Inc.'s first ever Surge Cities package, published in the Winter 2018/2019 issue, ranked the top 50 cities in America based on several factors relevant to entrepreneurs: job creation, wage growth, and early-stage fundraising deals, to name a few. Austin came in first on the list, followed by Salt Lake City.

The list's No. 3 city was Raleigh, which may have gotten somewhat under the skin of another major North Carolina city, located 160 miles away. Charlotte finished at No. 22.

Inc. executive editor Danielle Sacks, who oversaw the Surge Cities package, appeared on Charlotte TV station WBTV last week to discuss the city's ranking. (You can see the clip here.) Watching the segment, it's hard not to notice that host Jamie Boll compares Charlotte's ranking with that of Raleigh several times, pointing out that Raleigh beat Charlotte handily in categories like wage growth and early-stage fundraising deals.

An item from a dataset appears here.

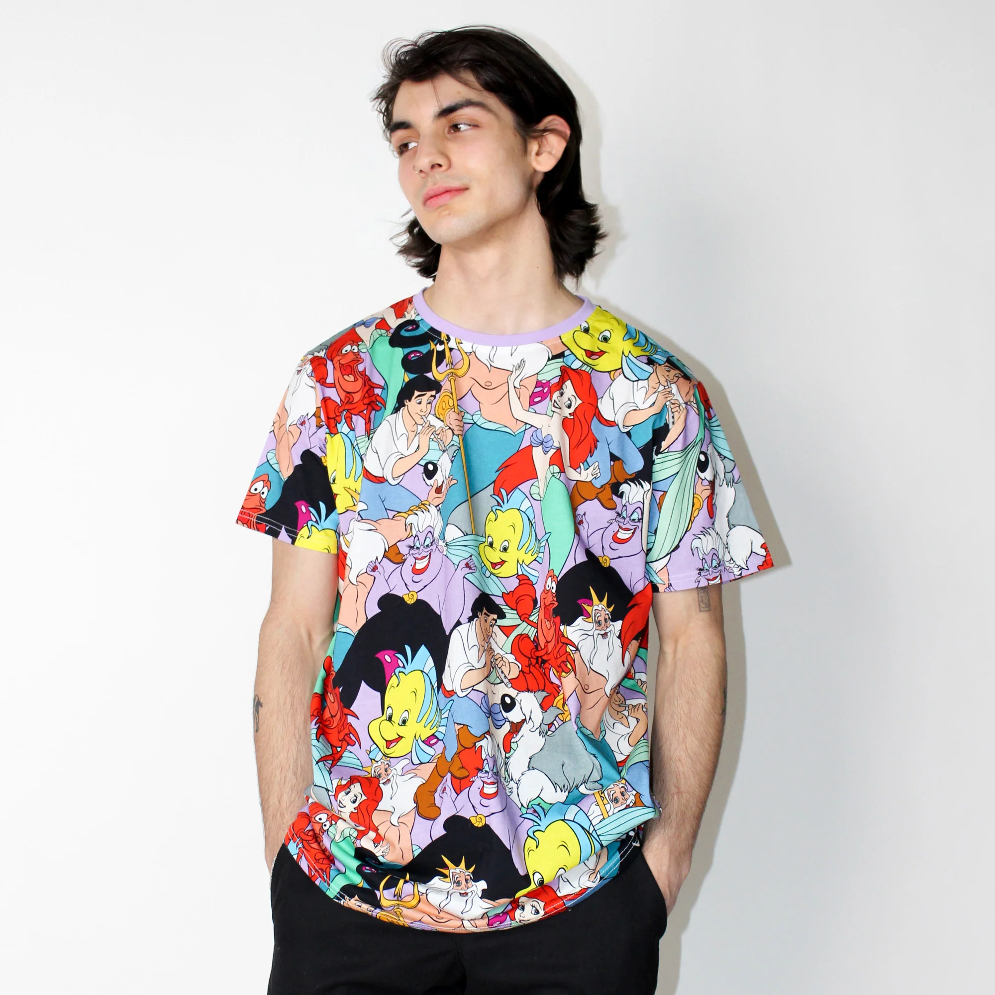Sing along with Disney’s Ariel and all her undersea friends! Our super soft unisex Disney Princess The Little Mermaid AOP T-Shirt featuring all your favourite characters like Disney’s Prince Eric, Flounder, Sebastian, Max, King Triton, and Ursula.

Charlotte is home to 859,000 people and houses financial giants like Bank of America, Lending Tree, and Wells Fargo. Raleigh's population is a smaller 464,000, though the city has the advantage of being located in North Carolina's Research Triangle--an area that is home to Duke, N.C. State, and UNC-Chapel Hill. As Sacks points out, that provides it with a distinct advantage for this startup-centric list, since research universities are often hotbeds for innovation, capital, and talent.

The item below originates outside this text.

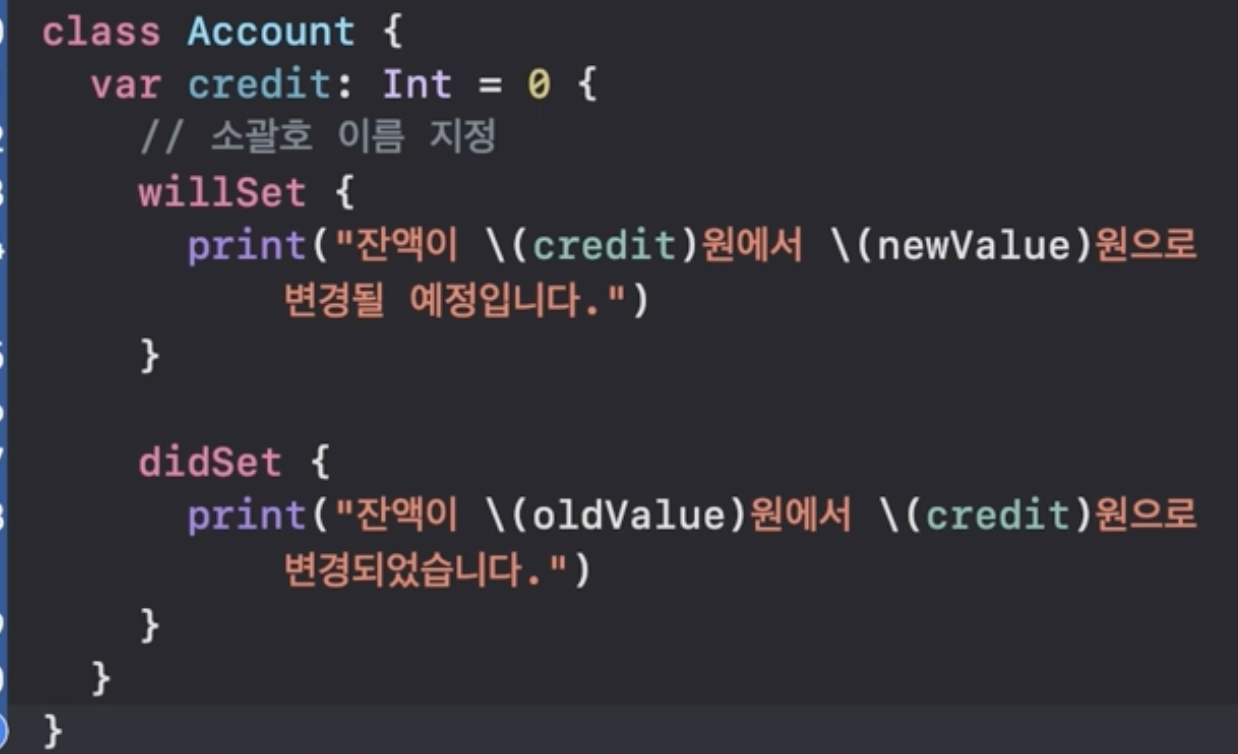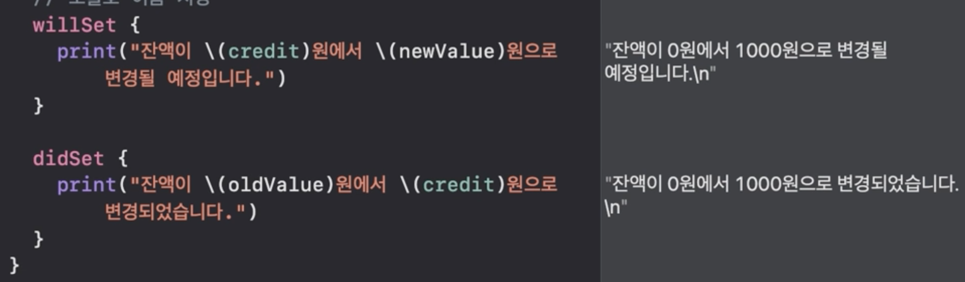 - 값이 변경된 직후에 호출되는 didSet 메서드 + oldValue 변경되기 전의 값

It's not the first time Charlotte has ranked less favorably than its rival to the northeast. A 2017 analysis of the best cities in America to live in, by finance website 24/7 Wall St., ranked it at No. 26; Raleigh came in at No. 10.

Still, both cities have plenty of reasons to brag. And they're part of a rising entrepreneurial tide: Startups in North Carolina raised $1.1 billion in total in 2017, up 36 percent from the previous year.

And if a little rivalry drives those cities to be more welcoming to startups, even better.